Task objective:
Starting at the first line of the data, print every line up to and including the one with "2019年11月水质报告", but no pictures.

=== Section Start ===

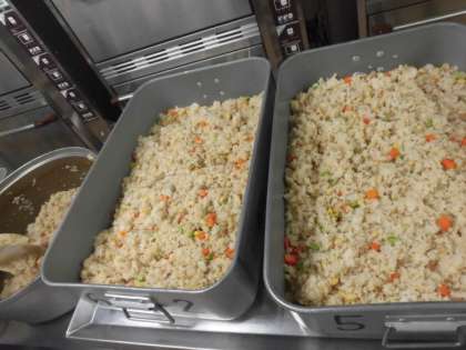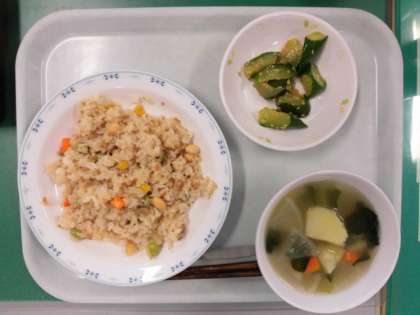 今日は大豆入りのチャーハンです。大豆は畑の肉と呼ばれるほどたんぱく質が多くふくまれる食べ物です。今日は枝豆もいっしょに加えて、白・緑・黄色・赤などの色も楽しめる1品になりました。
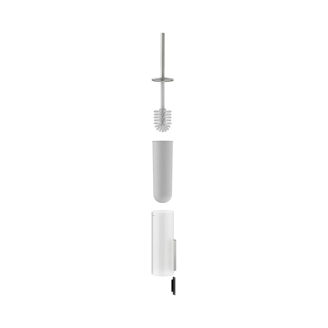 Bürste mit Deckel, herausnehmbarer Kunststoff-Einsatz, verdeckte Befestigung, zum Schrauben, mit Befestigungs-Set und Ersatzbürstenkopf
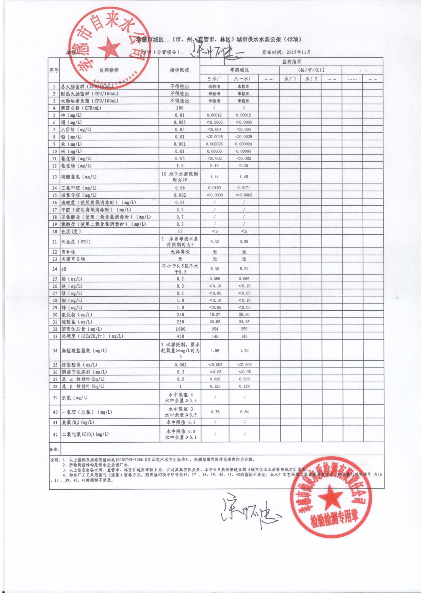 2019年11月水质报告
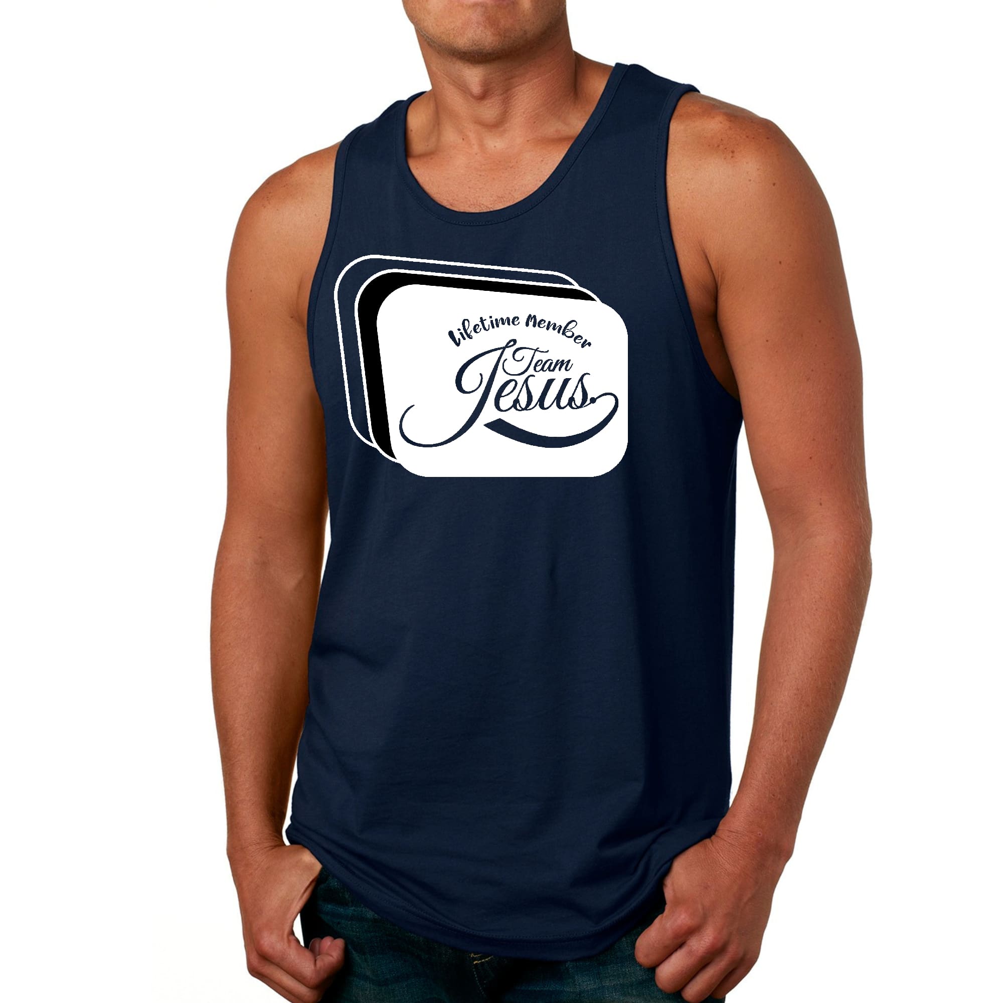Introducing the Men's Fitness Tank Top Graphic T-shirt, a must-have for those who proudly identify as Lifetime Members of Team Jesus. This stylish and comfortable tank top is designed for fitness enthusiasts who want to express their faith while staying active. Made from high-quality preshrunk cotton, this tank top ensures that you enjoy a soft feel against your skin, even after multiple washes. The preshrunk feature means that you can wash it without worrying about it shrinking or losing its shape, making it a reliable addition to your workout wardrobe.
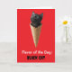 Ein schwarzes Kätzchen klebt aus einer Eistüte.
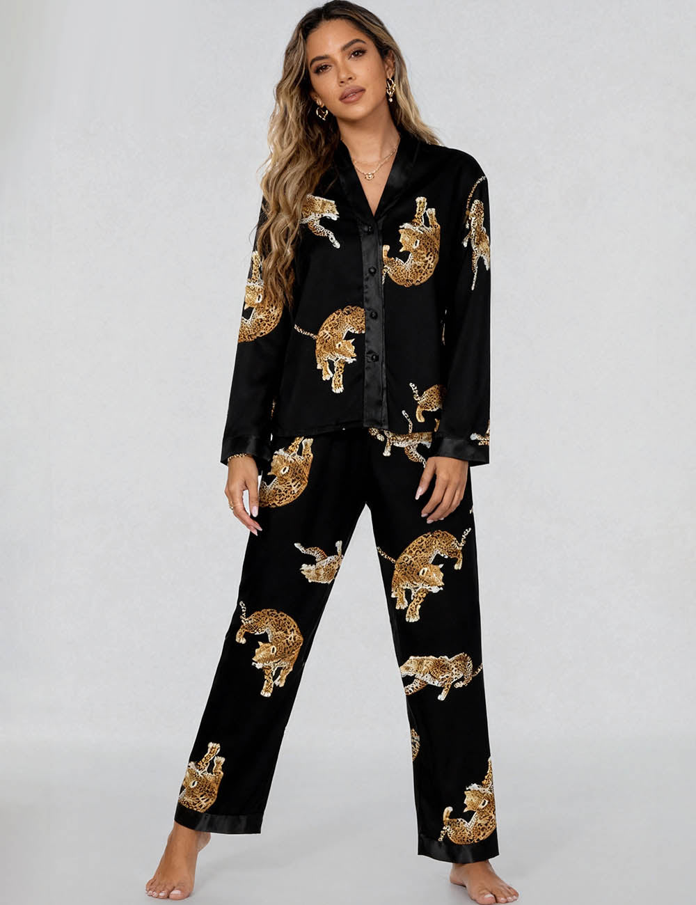 Ladies Animal Print Lounge Set Lapel Collar Shirt & Pants 2PCS Set
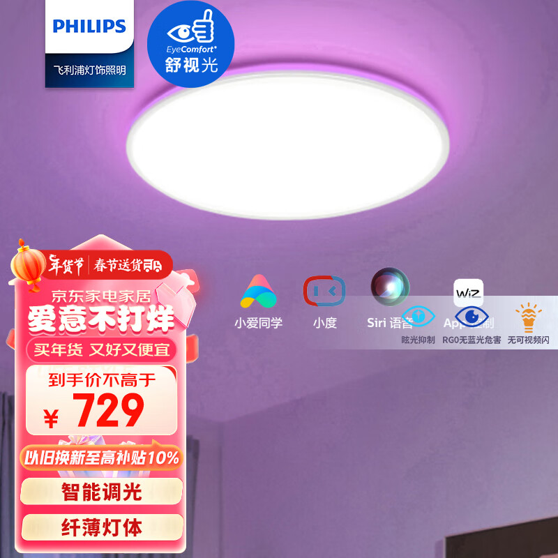 飞利浦智能卧室彩光吸顶灯32W价格参考:
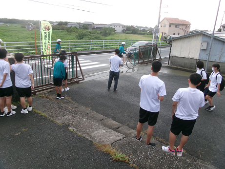 PTA等で交通安全の街頭指導をしていただくとともに、生徒会では恒例のあいさつ運動を行いました。
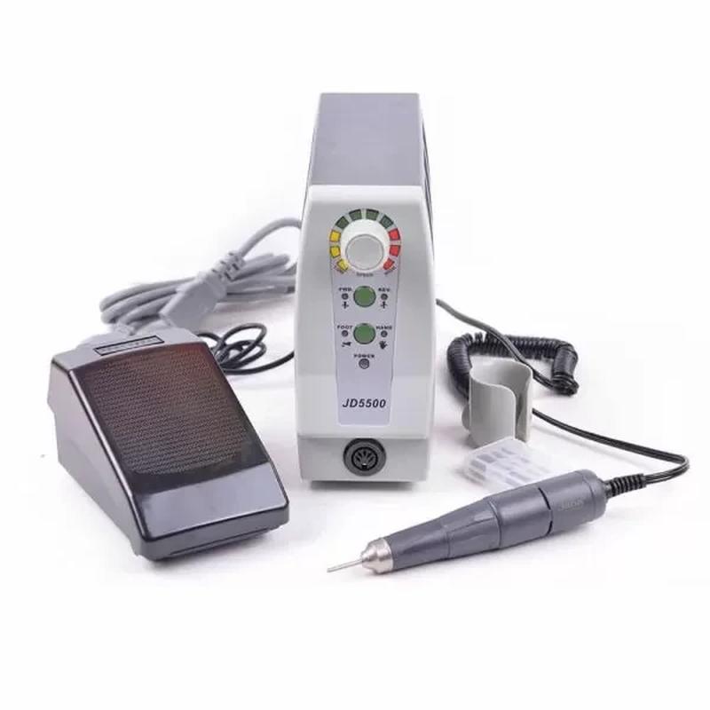 Фрезер JD-5500 -- это безупречный современный аппарат для выполнения маникюра и педикюра. Стильная модель станет не только незаменимым помощником мастера, но и подойдет для любого интерьера салона красоты и рабочего стола. Благодаря интересному дизайну и эргономичной форме, Фрезер JD-5500 выделяется среди других подобных аппаратов. Работая с ним, мастер и клиент могут быть уверены в безопасности выполняемых процедур. Высокая мощность 85 Вт и скоростной мотор позволяют ежедневно выполнять суточную норму работы без потери качества самого фрезера. А низкий уровень шума и вибраций превращают процесс маникюра и педикюра в приятное удовольствие, не нарушаемое ничем посторонним. Ручка с микромотором медленно нагревается и быстро охлаждается в процессе эксплуатации. Максимальная скорость вращения насадки - до 35000 оборотов в минуту. Имеет два направления вращения: прямое и обратное. Переключение реверса происходит без выключения и остановки микромотора. Есть встроенный предохранитель, защищающий от перепадов напряжения. Уникальная вариационная педаль, входящая в комплект, не имеет аналогов в мире фрезеров. Она не только помогает перейти с ручного режима управления на ножной, но и способна регулировать скорость работы с помощью плавного нажатия. Современную педаль можно сравнить в управлением автомобилем - плавно выжимая и отпуская, Вы управляете скоростью процессов, а также легко начинаете и заканчиваете их.
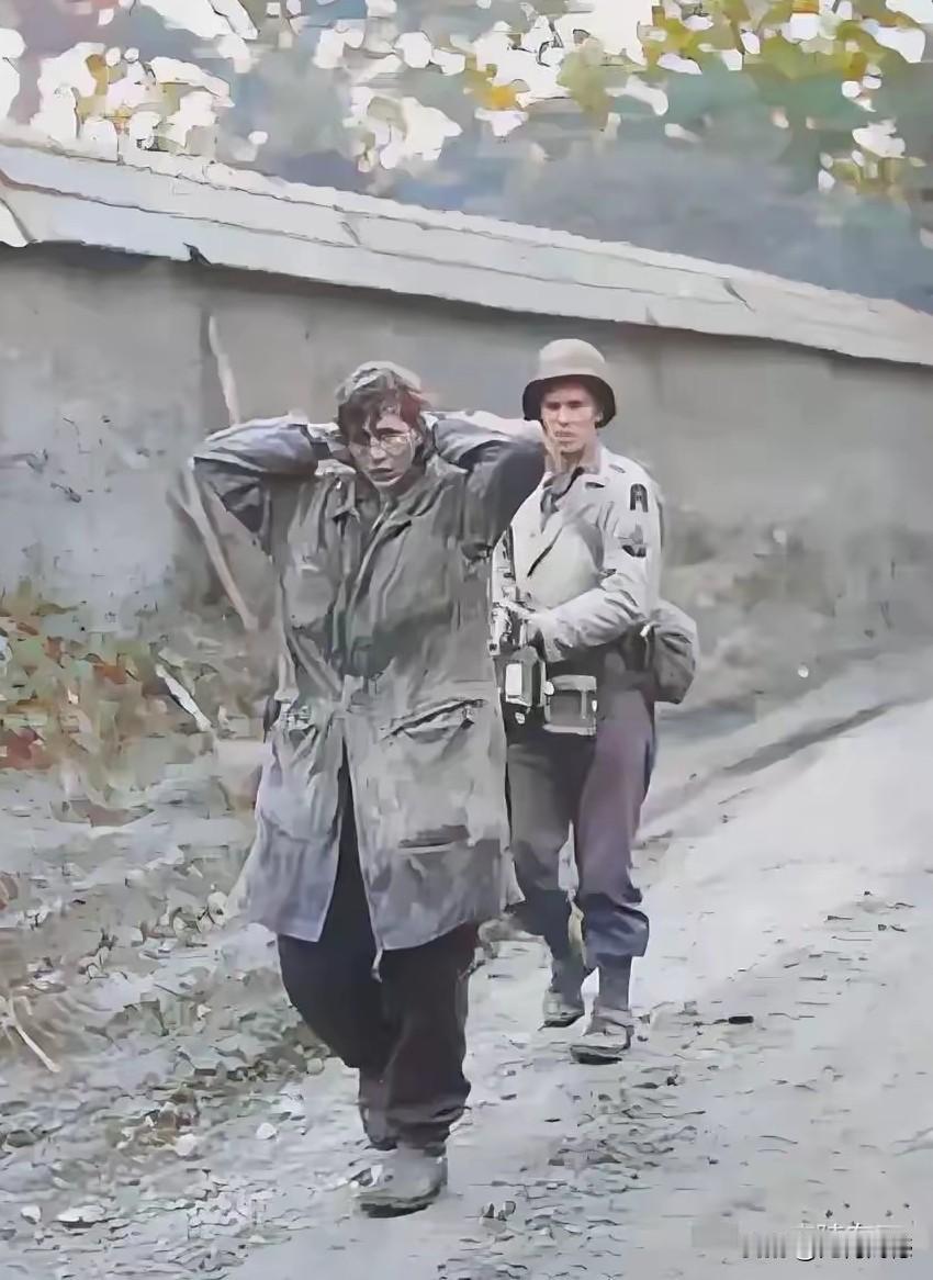 美国兵端着枪押着德国女战俘,女子双手抱着头,头发凌乱不堪,脸色也比较难看,身上穿的衣服肥肥大大,破破烂烂,这应该是在战斗一线被俘的,当时的德国女兵也不少,记得以前看过一本书叫《最后一百天》,详细记载了柏林战役中的一些情节,现在印象依然很深刻!

=== Section End ===

Reply:
 今日は大豆入りのチャーハンです。大豆は畑の肉と呼ばれるほどたんぱく質が多くふくまれる食べ物です。今日は枝豆もいっしょに加えて、白・緑・黄色・赤などの色も楽しめる1品になりました。
 Bürste mit Deckel, herausnehmbarer Kunststoff-Einsatz, verdeckte Befestigung, zum Schrauben, mit Befestigungs-Set und Ersatzbürstenkopf
 2019年11月水质报告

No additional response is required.